5ª. característica: Concentração por gênero, idade e condição social HOMENS: a cada 100 mil ocorrências, 54 envolvem homens, 4,4 mulheres. A mesma concentração das taxas de óbitos por causas externas que constatamos na população masculina, encontramos também quanto às faixas etárias. IDADE: Durante os últimos 25 anos, cerca de 70% de todos os homicídios foram de adolescentes e homens jovens de 10 a 39 anos.(1) o primeiro lugar, 20 a 24 anos; (2) o segundo, de 25 a 29 anos. JUVENILIZAÇÃO: embora o segmento de 15 a 19 anos apresente taxas menores, é o que mostra tendência de crescimento (33,8%), no período 2000-2005 e 1980-1985 CONDIÇÃO SOCIAL: maioria pobre, com baixa escolaridade e vivendo nas periferias das regiões metropolitanas das grandes cidades.

6ª. característica: Concentração das mortes por meio de armas de fogo Em todas as capitais do país, a arma de fogo é o instrumento preferencial para dirimir conflitos e produzir a morte entre as pessoas sobretudo entre os homens. Atualmente, não se pode falar de homicídio no Brasil e no mundo sem que venha à tona a evidência do envolvimento e da contribuição das armas de fogo que movimentam um dos maiores mercados da economia global. Dados da década de 90 sugerem que acima de 60% dos assassinatos ocorridos em áreas urbanas brasileiras na década de 90 foram cometidos com o uso desses aparatos. Ex: No Rio de Janeiro, 90% das mortes violentas são cometidas com o uso da arma de fogo e 70% dos homicídios são provocadas por confrontos armados entre os traficantes e policiais.
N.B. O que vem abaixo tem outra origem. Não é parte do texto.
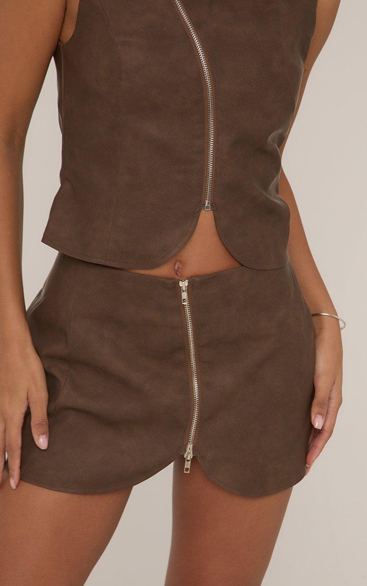 mid rise zip front asymmetric mini skirt in brown faux leather

Considerações Finais Embora muito já tenhamos escrito e dito sobre o impacto da violência sobre a saúde, é importante que, cada vez mais, acompanhemos esse movimento, monitorando as insidiosas trilhas de sua manifestação em nosso país como um todo e em cada município em particular. Numa política de atenção ao problema, se um estudo de cada localidade ainda não foi feito é necessário que o seja. Pois, a história local, a formação social e as vivências atuais se refletem nas manifestações de violência que são também locais, ocorrem dentro dos lares, nas relações de trabalho e institucionais, embora a maioria das violências não apareçam nas taxas de morte ou de internação.